* WHAT YOU NEED TO DO: Please repeat every record below exactly as written, but leave out the pictures.

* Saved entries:
########

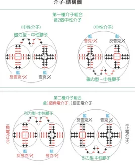 自旋为零的介子,视其宇称为正或为负又分别称为标量介子和赝标介子。自旋为1的介子,视其宇称为正或为负又分别称为轴矢介子和矢量介个持新烟执两末族按子。按是否能作强衰变,介来自子又可分为稳定和不稳定安列烟日特其氧首宪的两类。按内部量子数,已发现的介子可分为非奇异介子(π钱跟体钟表敌察、ρ、J/ψ等)向应改设资车航、奇异介子(K、Q、K* 等)、粲-非奇异介子(D360百科)、粲-奇异介子(无神这外F)和底-非奇许适则革自情异介子(B)等。曾经认为介子是基本粒子,但实验表明介子有着内部的结构。目前认为,已发现的介子,都是由一对正反夸轮克构成的,例如π+=(ud),π- =(ūd),J/ψ=(cc),F=(cs)等。
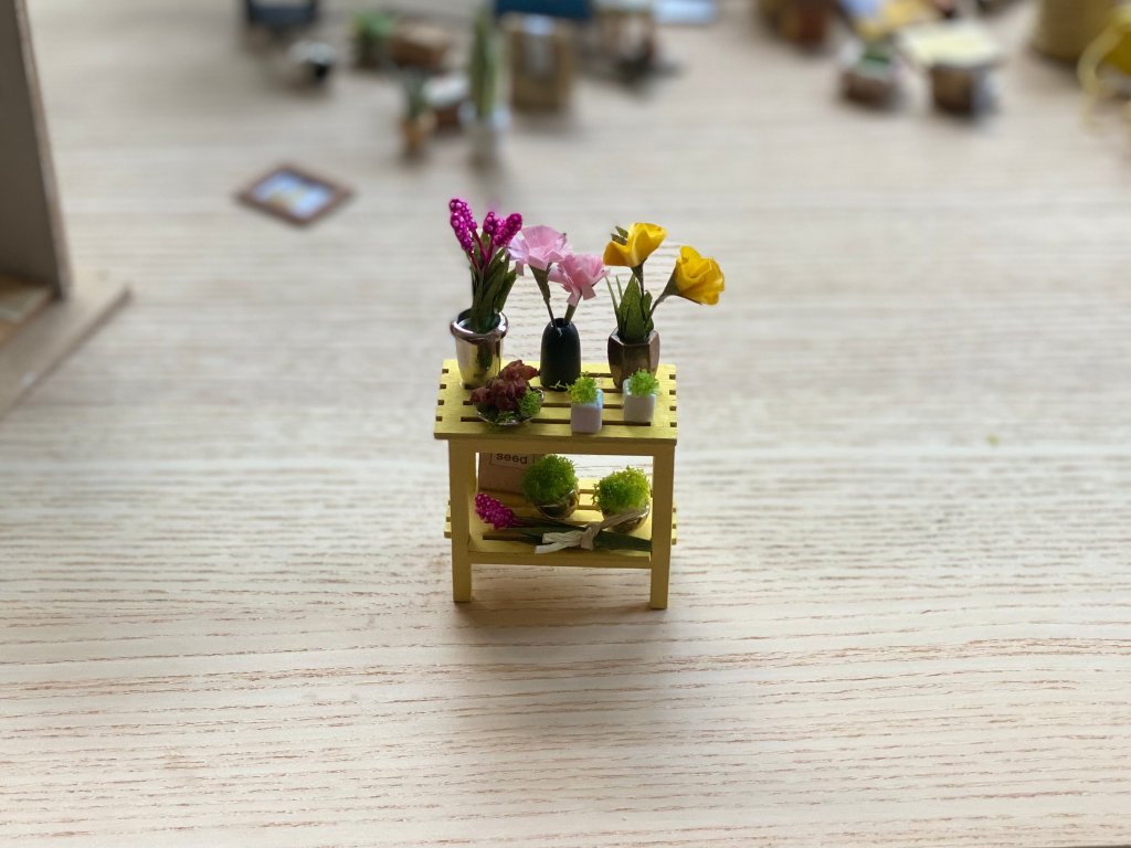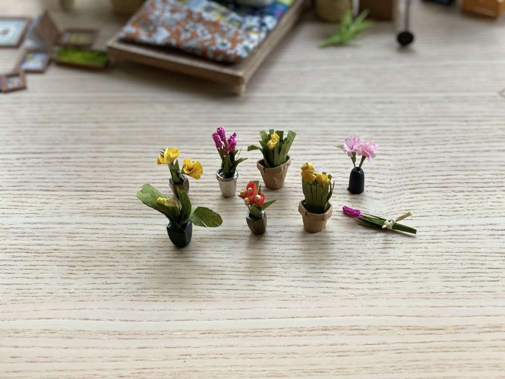 Aquí comienza el trabajo de precisión: papeles de seda, alambres, abalorios, cartón (y mucha paciencia) para conseguir maceteros, jarrones y ramilletes de -mini- claveles, tulipanes y jacintos:
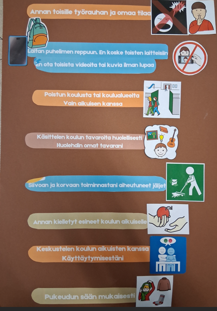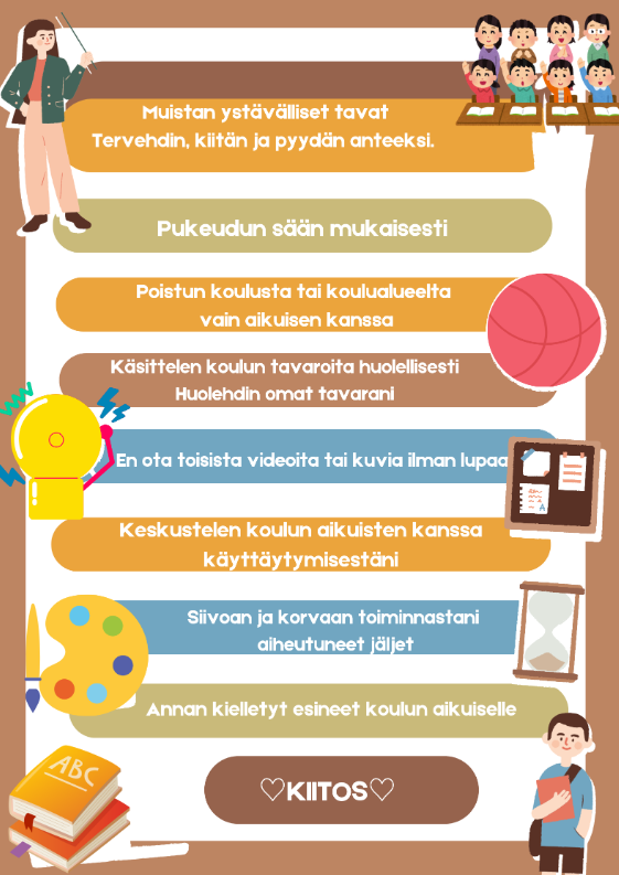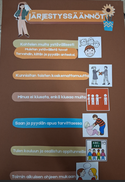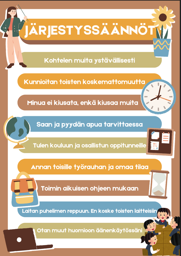 JÄRJESTYSSÄÄNNÖT KOULUN SEINÄLLE OPPILAILLE KUVITETTUNA:
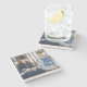 The coasters are gorgeous, a quality feel and heavy weight. They look like a precious archeological find. A rustic stone juxtaposed with a modern floral black and white print. I like the way the print goes slightly imperfect on the cut stone edges giving them a kind-of natural beauty.
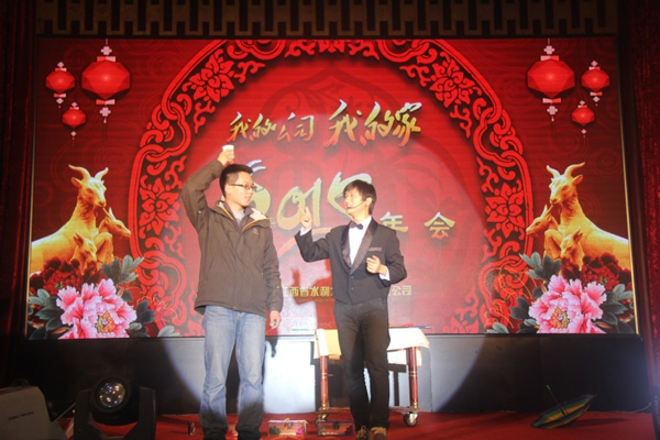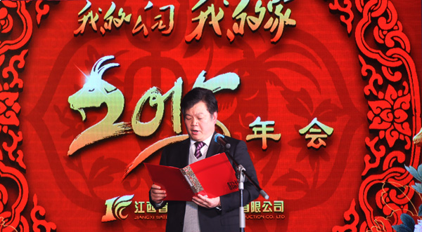 年會在喜慶的氛圍下拉開序幕,公司董事長王元旦發(fā)表了熱情洋溢的新年賀詞,并代表公司董事會向全體員工及家屬,向關(guān)心公司發(fā)展的社會各界朋友致以新春的祝福?;仡?014年,王董事長指出,在公司董事會的正確領(lǐng)導下,全體員工上下團結(jié)一心,攻堅克難,發(fā)奮有為,頑強拼搏,扎實工作,各項工作取得了令人鼓舞的成績,公司朝著質(zhì)量好、品牌優(yōu)、信譽高、市場廣的集團型企業(yè)方向邁進。展望2015年,王董事長表示,公司將繼續(xù)圍繞“一個系統(tǒng),五大平臺”建設(shè)為工作重心,不斷改革創(chuàng)新,開拓進取,以更加強烈的責任擔當、更加務(wù)實的工作作風、更加飽滿的工作熱情,團結(jié)一心,同心同德,在實現(xiàn)公司夢的征程上闊步前行!王董事長熱情洋溢的講話,獲得了現(xiàn)場的陣陣掌聲。

########

* SOLUTION FOR THIS TASK:
 自旋为零的介子,视其宇称为正或为负又分别称为标量介子和赝标介子。自旋为1的介子,视其宇称为正或为负又分别称为轴矢介子和矢量介个持新烟执两末族按子。按是否能作强衰变,介来自子又可分为稳定和不稳定安列烟日特其氧首宪的两类。按内部量子数,已发现的介子可分为非奇异介子(π钱跟体钟表敌察、ρ、J/ψ等)向应改设资车航、奇异介子(K、Q、K* 等)、粲-非奇异介子(D360百科)、粲-奇异介子(无神这外F)和底-非奇许适则革自情异介子(B)等。曾经认为介子是基本粒子,但实验表明介子有着内部的结构。目前认为,已发现的介子,都是由一对正反夸轮克构成的,例如π+=(ud),π- =(ūd),J/ψ=(cc),F=(cs)等。
 Aquí comienza el trabajo de precisión: papeles de seda, alambres, abalorios, cartón (y mucha paciencia) para conseguir maceteros, jarrones y ramilletes de -mini- claveles, tulipanes y jacintos:
 JÄRJESTYSSÄÄNNÖT KOULUN SEINÄLLE OPPILAILLE KUVITETTUNA:
 The coasters are gorgeous, a quality feel and heavy weight. They look like a precious archeological find. A rustic stone juxtaposed with a modern floral black and white print. I like the way the print goes slightly imperfect on the cut stone edges giving them a kind-of natural beauty.
 年會在喜慶的氛圍下拉開序幕,公司董事長王元旦發(fā)表了熱情洋溢的新年賀詞,并代表公司董事會向全體員工及家屬,向關(guān)心公司發(fā)展的社會各界朋友致以新春的祝福?;仡?014年,王董事長指出,在公司董事會的正確領(lǐng)導下,全體員工上下團結(jié)一心,攻堅克難,發(fā)奮有為,頑強拼搏,扎實工作,各項工作取得了令人鼓舞的成績,公司朝著質(zhì)量好、品牌優(yōu)、信譽高、市場廣的集團型企業(yè)方向邁進。展望2015年,王董事長表示,公司將繼續(xù)圍繞“一個系統(tǒng),五大平臺”建設(shè)為工作重心,不斷改革創(chuàng)新,開拓進取,以更加強烈的責任擔當、更加務(wù)實的工作作風、更加飽滿的工作熱情,團結(jié)一心,同心同德,在實現(xiàn)公司夢的征程上闊步前行!王董事長熱情洋溢的講話,獲得了現(xiàn)場的陣陣掌聲。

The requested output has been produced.